= Beginning of Section =
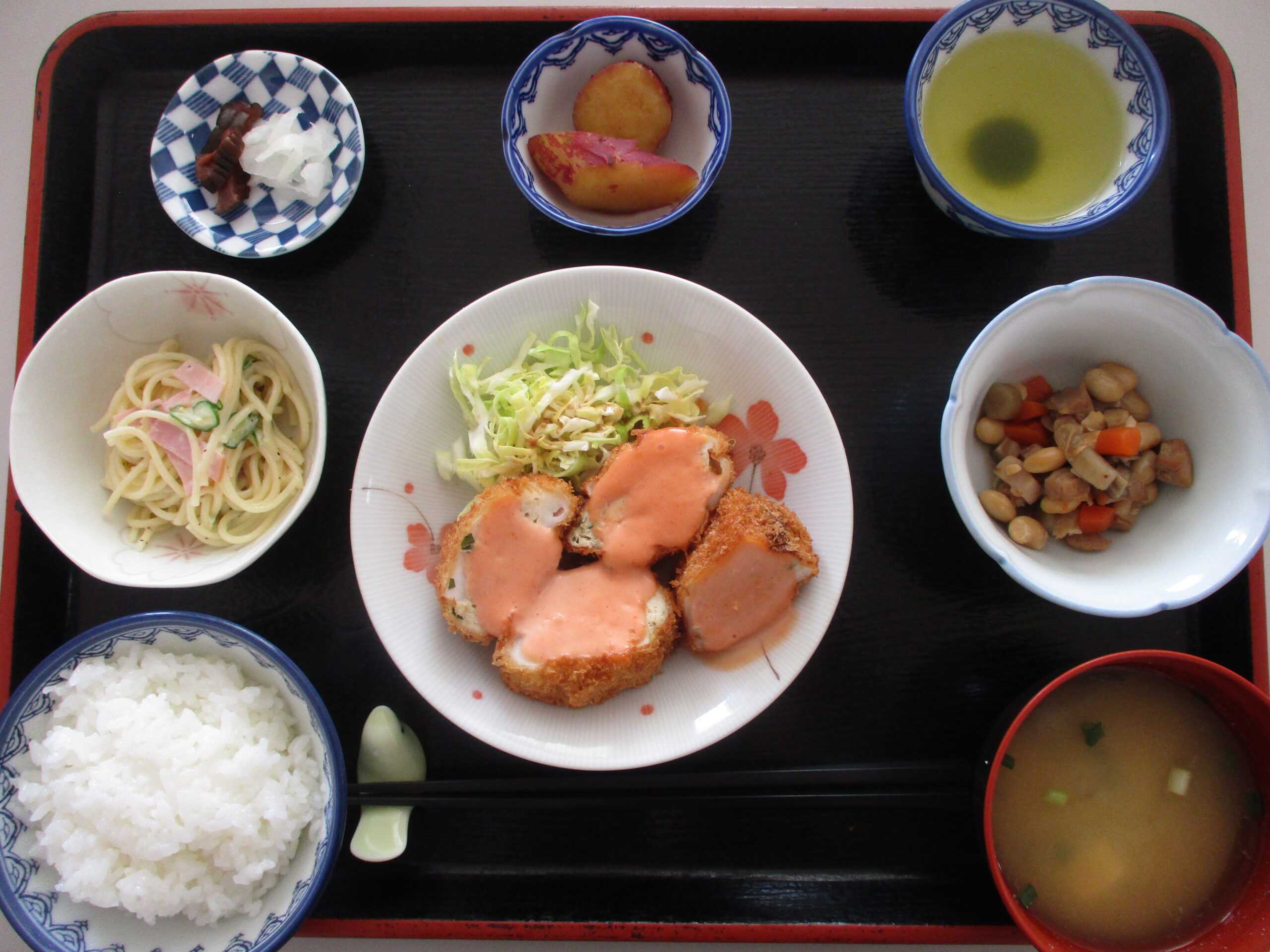 献立には大豆が入っていますし、3時のおやつは塩豆大福です。
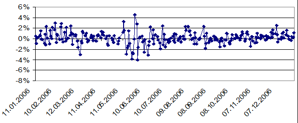 2.2 Обчислення ризику на ринку акцій українських емітентів за даними ПФТС за 2006 р.
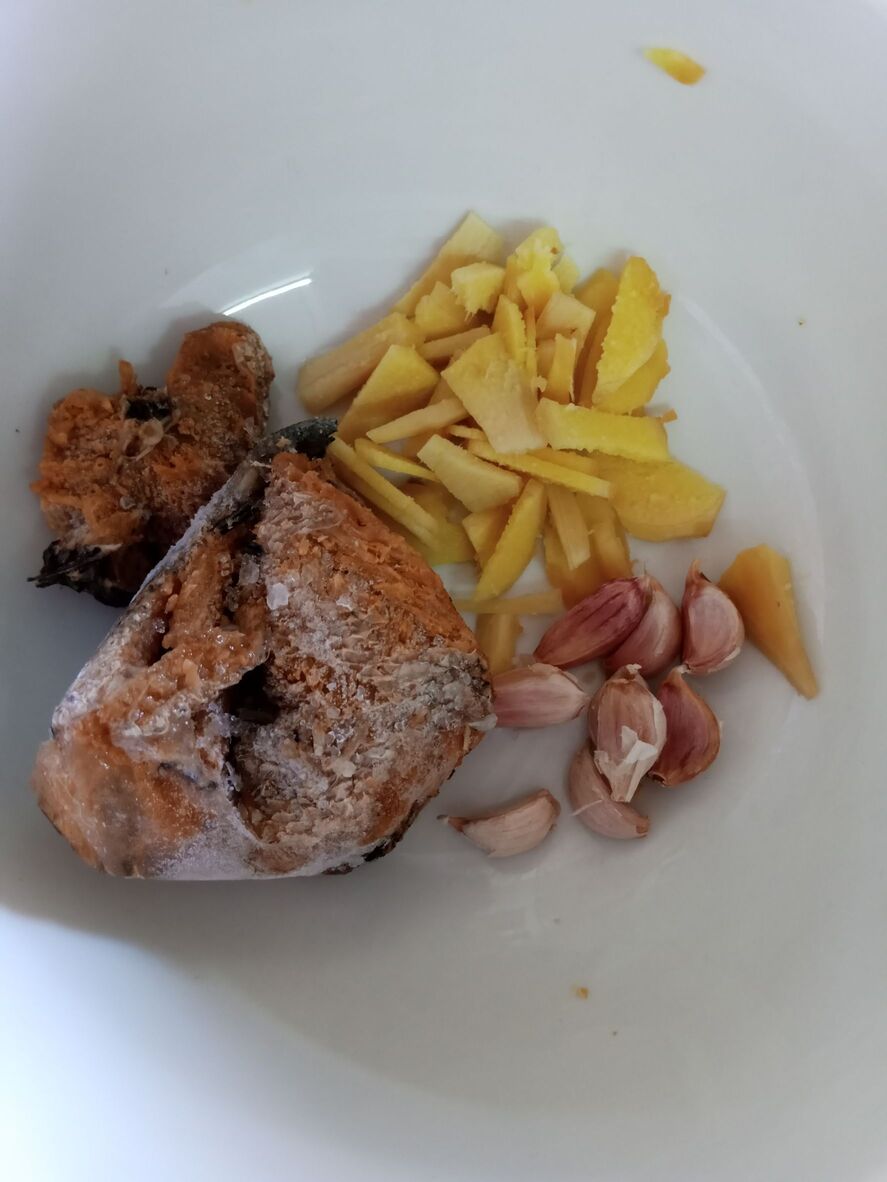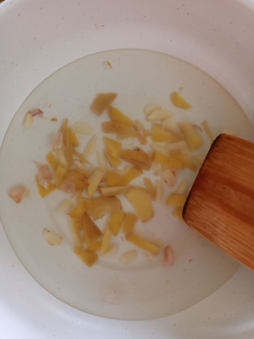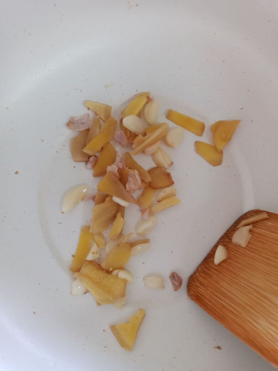 ผัดขิงกับกระเทียมในน้ำมันนิดหน่อย
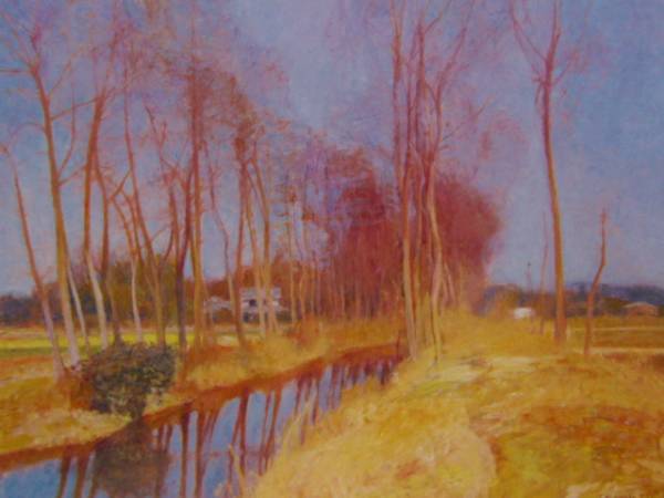 - 渡辺武夫、『堀割のある風景』、希少画集画、高級新品額・額装付、状態良好、送料無料
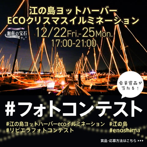 株式会社リビエラリゾートは、江の島ヨットハーバーで12月22日から25日まで「江の島ヨットハーバーECOクリスマスイルミネーション」を開催します。
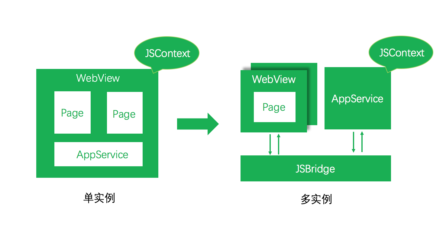 单 WebView 模式下,Page 视图与 App 逻辑共享同一个 JSContext,这样所有的页面可以共享全局的数据和方法,能够实现全局的状态管理。多 WebView 模式下,每一个 WebView 都有一个独立的 JSContext,虽然可以通过窗口通信实现数据传递,但是无法共享数据和方法,对于全局的状态管理也相对比较复杂,抽离一个通用的 WebView 或者 JS Engine 作为应用的 JSContext 就可以解决这些问题,但是同时引入了其他问题:视图和逻辑如何通信,在小程序里面数据更新后视图是异步更新的。
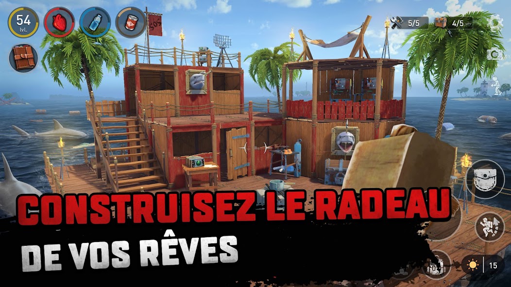 - Agrandissez votre radeau en ajoutant des étages, des structures renforcées et des défenses efficaces contre les attaques.
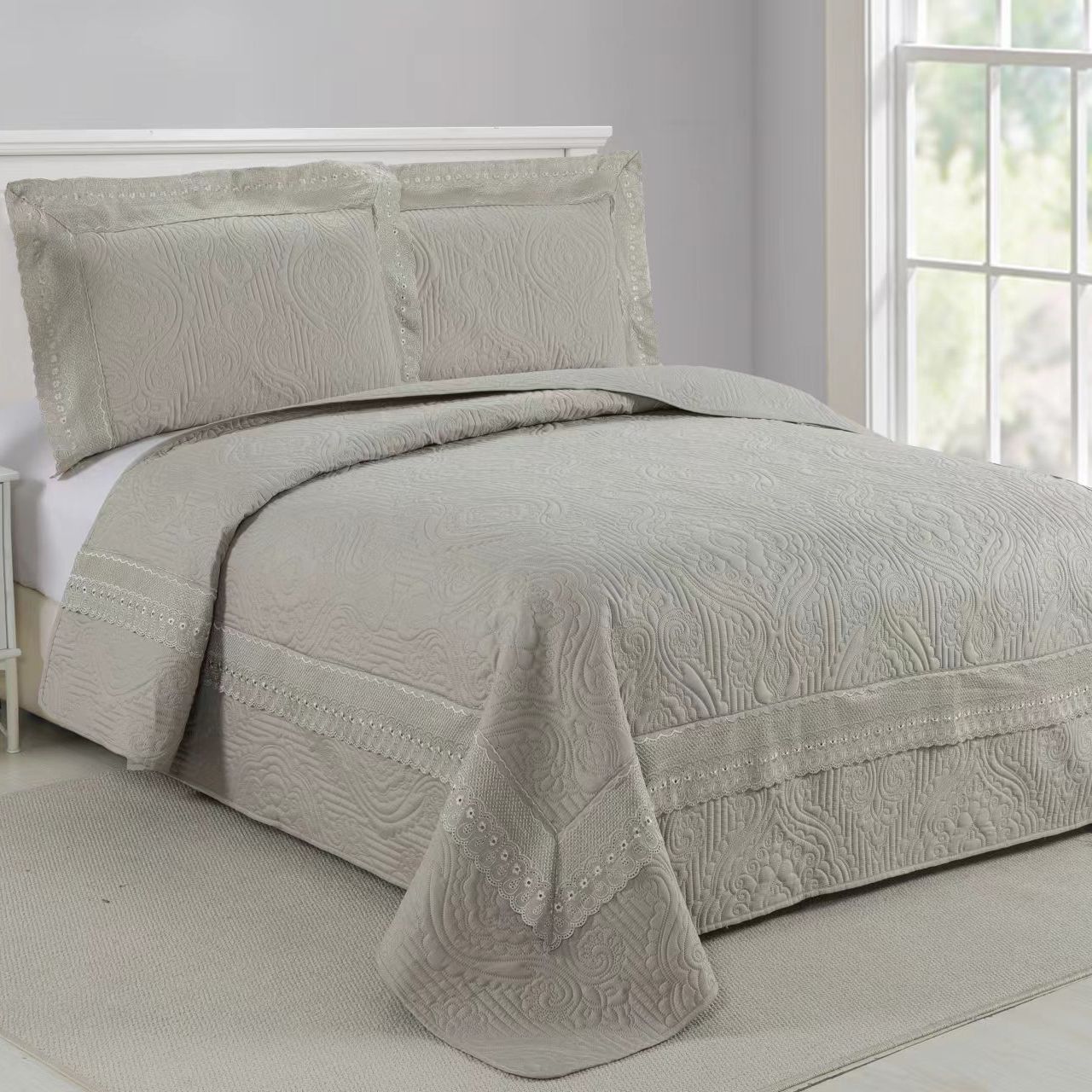 Set Cuvertura de Pat Matlasata cu Broderie, 3 Piese, 220×240 Cm – Casa de Vis – Grej – PUF139221-14
= End of Section =
▶ _Exercise instructions_:
Take the lines from the one holding "- Agrandissez votre" through the last line of the data above and copy them exactly, both ends included, omitting all pictures.

▶ _Task answer_:
 - Agrandissez votre radeau en ajoutant des étages, des structures renforcées et des défenses efficaces contre les attaques.
 Set Cuvertura de Pat Matlasata cu Broderie, 3 Piese, 220×240 Cm – Casa de Vis – Grej – PUF139221-14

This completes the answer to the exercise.